Rethinking Prior Information Generation with CLIP for Few-Shot Segmentation

Jin Wang,Bingfeng Zhang,Jian Pang,Honglong Chen,Weifeng Liu
2024-05-14
Abstract:Few-shot segmentation remains challenging due to the limitations of its labeling information for unseen classes. Most previous approaches rely on extracting high-level feature maps from the frozen visual encoder to compute the pixel-wise similarity as a key prior guidance for the decoder. However, such a prior representation suffers from coarse granularity and poor generalization to new classes since these high-level feature maps have obvious category bias. In this work, we propose to replace the visual prior representation with the visual-text alignment capacity to capture more reliable guidance and enhance the model generalization. Specifically, we design two kinds of training-free prior information generation strategy that attempts to utilize the semantic alignment capability of the Contrastive Language-Image Pre-training model (CLIP) to locate the target class. Besides, to acquire more accurate prior guidance, we build a high-order relationship of attention maps and utilize it to refine the initial prior information. Experiments on both the PASCAL-5{i} and COCO-20{i} datasets show that our method obtains a clearly substantial improvement and reaches the new state-of-the-art performance.
Computer Vision and Pattern Recognition
What problem does this paper attempt to address?

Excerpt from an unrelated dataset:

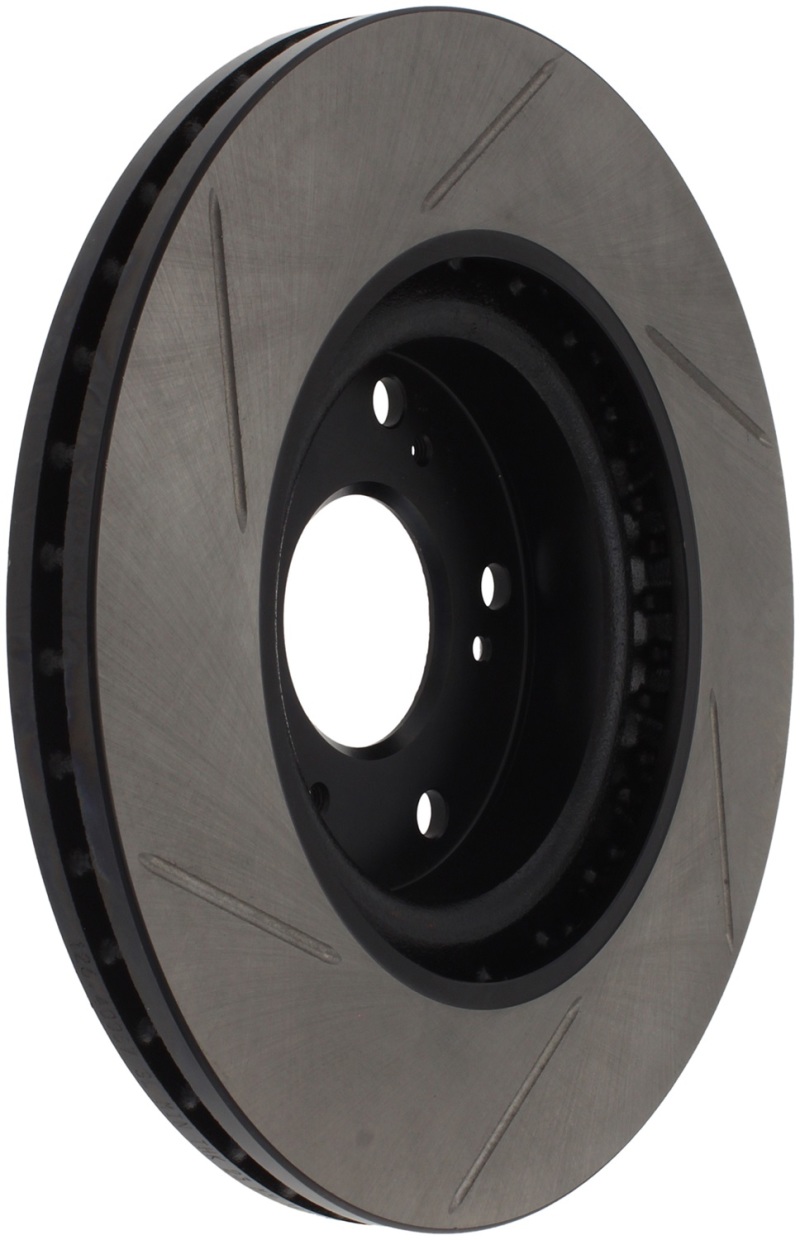 Upgrade your vehicle’s braking system with the StopTech Power Slot Slotted Front Left Rotor, designed specifically for select Honda Civic and Acura models from 2002 to 2015. Crafted with advanced high-carbon metallurgy and finished with a durable black e-coating, this rotor offers superior corrosion resistance and long-lasting performance. Its one-piece design provides a direct replacement for factory brake discs, ensuring easy installation and reliable compatibility. The unique slotting enhances heat dissipation and brake dust removal, which helps prevent pad glazing and maintains optimal pad contact for improved braking response under both dry and wet conditions. These features contribute to increased initial bite, better wet-weather braking, and a more aggressive braking feel overall.

This paper addresses the problem of few-shot segmentation, where limited labeled information of unseen classes makes it challenging for models to make accurate predictions. Existing methods mainly rely on high-level features extracted from frozen visual encoders to generate prior guidance information, but this representation has the drawbacks of coarse granularity and poor generalization ability to new classes. The paper proposes using the Contrastive Language-Image Pretraining model (CLIP) to generate more reliable prior information and enhance the model's generalization capability. Specifically, two training-free prior information generation strategies are designed, which utilize CLIP's visual-text alignment ability and higher-order attention matrix to refine initial prior information, thereby improving the quality of prior guidance. Experiments show that this approach achieves significant performance improvements on the PASCAL-5i and COCO-20i datasets, and achieves a new state-of-the-art performance.